Source & Target
Constitutes the set of Gems that help with loading and saving data.
File
A collection of Gems related to working with various file-based formats.
Name | Description |
---|---|
Avro | Avro format is a row-based storage format for Hadoop, which is widely used as a serialization platform. |
CSV | Allows you to read or write a delimited file (often called Comma Separated File, CSV). |
Delta | Reads data from Delta files present at a path and writes Delta files to a path based on configuration. |
Fixed Format | Read data from fixed format files with expected schema, or write data to fixed format files with expected schema. |
FTP | Allows you to read or write files (csv, text and binary) on a remote location. |
Iceberg | Reads data from Iceberg files present at a path and writes Iceberg files to a path based on configuration. |
JSON | Allows you to read or write a delimited file (often called Comma Separated File, CSV). |
Kafka | This source currently connects with Kafka Brokers in Batch mode. |
ORC | ORC (Optimized Row Columnar) is a columnar file format designed for Spark/Hadoop workloads. |
Parquet | Parquet is an open source file format built to handle flat columnar storage data formats. |
Text | This Gem allows you to read from or write to text file. |
XLSX (Excel) | Allows you to read or write Excel-compatible files. |
Warehouse
A collection of Gems specializing in connecting to warehouse-style data sources.
Name | Description |
---|---|
BigQuery | Allows you to read or write data to the BigQuery warehouse, using a high-performance connector.

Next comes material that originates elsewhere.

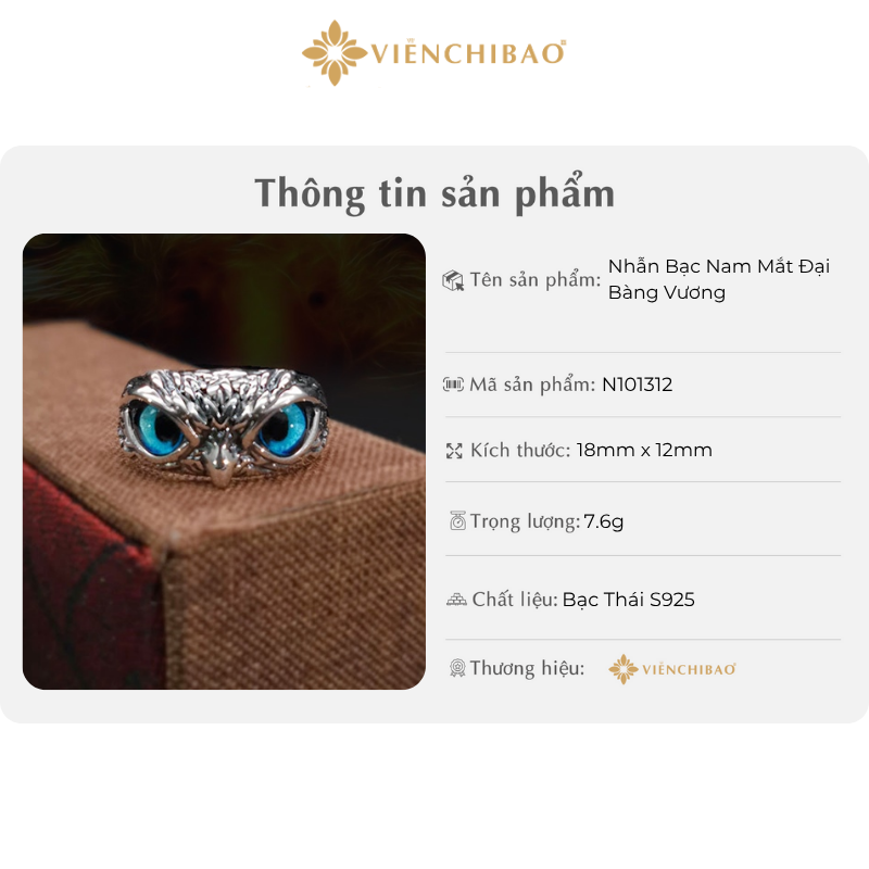 THÔNG TIN SẢN PHẨM NHẪN BẠC NAM MẮT ĐẠI BÀNG VƯƠNG

Enterprise only. |
CosmosDB | Allows you to read or write data to the CosmosDB database. |
DB2 | Allows you to read or write data to the DB2 warehouse, using a high-performance connector. Enterprise only. |
JDBC | Allows you to read or write data to the JDBC database. |
MongoDB | Allows you to read or write data to the MongoDB database. |
Oracle | Allows you to read or write data to the Oracle warehouse, using a high-performance connector. Enterprise only. |
Redshift | Allows you to read or write data to the Redshift warehouse, using a high-performance connector. Enterprise only. |
Salesforce | Allows you to read or write data to the Salesforce warehouse. |
Snowflake | Allows you to read or write data to the Snowflake warehouse, using a high-performance connector. Enterprise only. |
Teradata | Allows you to read or write data to the Teradata warehouse, using a high-performance connector. Enterprise only. |
Catalog
A collection of Gems related to working with various table-based formats.
Name | Description |
---|---|
Delta | Reads data from Delta tables saved in data catalog and writes data into Delta table in a managed Metastore. |
Hive | Read from or write to Tables managed by a Hive metastore. |
Lookup
Lookup is a special component that allows you to broadcast any data, to later be used anywhere in your Pipeline.